January 21, 2022
How robots learn to hike
ETH Zurich researchers led by Marco Hutter developed a new control approach that enables a legged robot, called ANYmal, to move quickly and robustly over difficult terrain. Thanks to machine learning, the robot can combine its visual perception of the environment with its sense of touch for the first time.
Steep sections on slippery ground, high steps, scree and forest trails full of roots: the path up the 1,098-meter-high Mount Etzel at the southern end of Lake Zurich is peppered with numerous obstacles. But ANYmal, the quadrupedal robot from the Robotic Systems Lab at ETH Zurich, overcomes the 120 vertical meters effortlessly in a 31-minute hike. That's 4 minutes faster than the estimated duration for human hikers—and with no falls or missteps.
This is made possible by a new control technology, which researchers at ETH Zurich led by robotics professor Marco Hutter recently presented in the journal Science Robotics. "The robot has learned to combine visual perception of its environment with proprioception—its sense of touch—based on direct leg contact. This allows it to tackle rough terrain faster, more efficiently and, above all, more robustly," Hutter says. In the future, ANYmal can be used anywhere that is too dangerous for humans or too impassable for other robots.
Perceiving the environment accurately
To navigate difficult terrain, humans and animals quite automatically combine the visual perception of their environment with the proprioception of their legs and hands. This allows them to easily handle slippery or soft ground and move around with confidence, even when visibility is low. Until now, legged robots have been able to do this only to a limited extent.
"The reason is that the information about the immediate environment recorded by laser sensors and cameras is often incomplete and ambiguous," explains Takahiro Miki, a doctoral student in Hutter's group and lead author of the study. For example, tall grass, shallow puddles or snow appear as insurmountable obstacles or are partially invisible, even though the robot could actually traverse them. In addition, the robot's view can be obscured in the field by difficult lighting conditions, dust or fog.
"That's why robots like ANYmal have to be able to decide for themselves when to trust the visual perception of their environment and move forward briskly, and when it is better to proceed cautiously and with small steps," Miki says. "And that's the big challenge."
A virtual training camp
Thanks to a new controller based on a neural network, the legged robot ANYmal, which was developed by ETH Zurich researchers and commercialized by the ETH spin-off ANYbotics, is now able to combine external and proprioceptive perception for the first time.

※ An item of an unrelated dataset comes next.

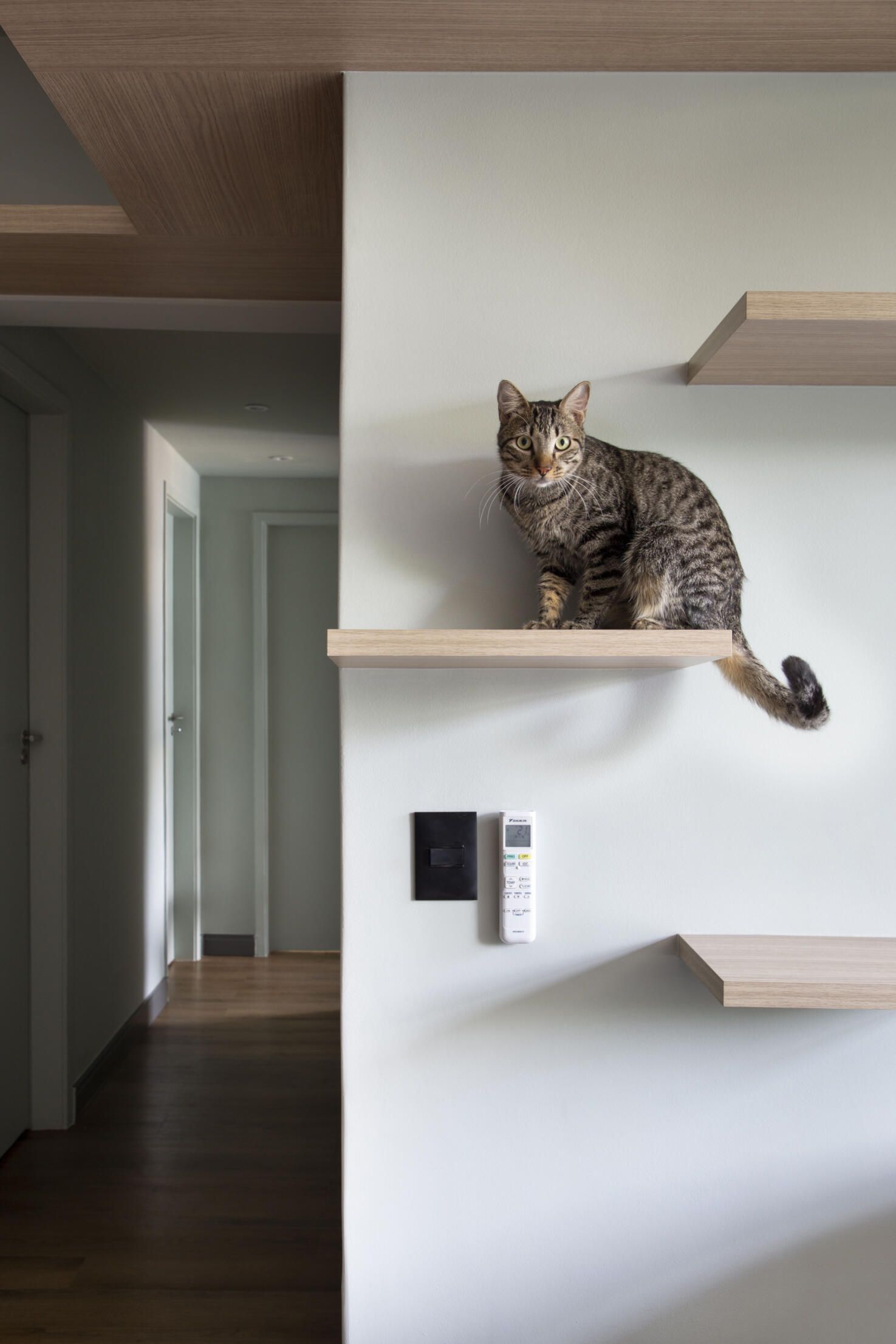 Na sala de jantar também há plataformas, só que mais próximas do teto!

Before the robot could put its capabilities to the test in the real world, the scientists exposed the system to numerous obstacles and sources of error in a virtual training camp. This let the network learn the ideal way for the robot to overcome obstacles, as well as when it can rely on environmental data—and when it would do better to ignore that data.
"With this training, the robot is able to master the most difficult natural terrain without having seen it before," says ETH Zurich Professor Hutter. This works even if the sensor data on the immediate environment is ambiguous or vague. ANYmal then plays it safe and relies on its proprioception. According to Hutter, this allows the robot to combine the best of both worlds: the speed and efficiency of external sensing and the safety of proprioceptive sensing.
Use under extreme conditions
Whether after an earthquake, after a nuclear disaster, or during a forest fire, robots like ANYmal can be used primarily wherever it is too dangerous for humans and where other robots cannot cope with the difficult terrain.
In September of last year, ANYmal was able to demonstrate just how well the new control technology works at the DARPA Subterranean Challenge, the world's best-known robotics competition. The ETH Zurich robot automatically and quickly overcame numerous obstacles and difficult terrain while autonomously exploring an underground system of narrow tunnels, caves, and urban infrastructure. This was a major part of why the ETH Zurich researchers, as part of the CERBERUS team, took first place with a prize of 2 million dollars.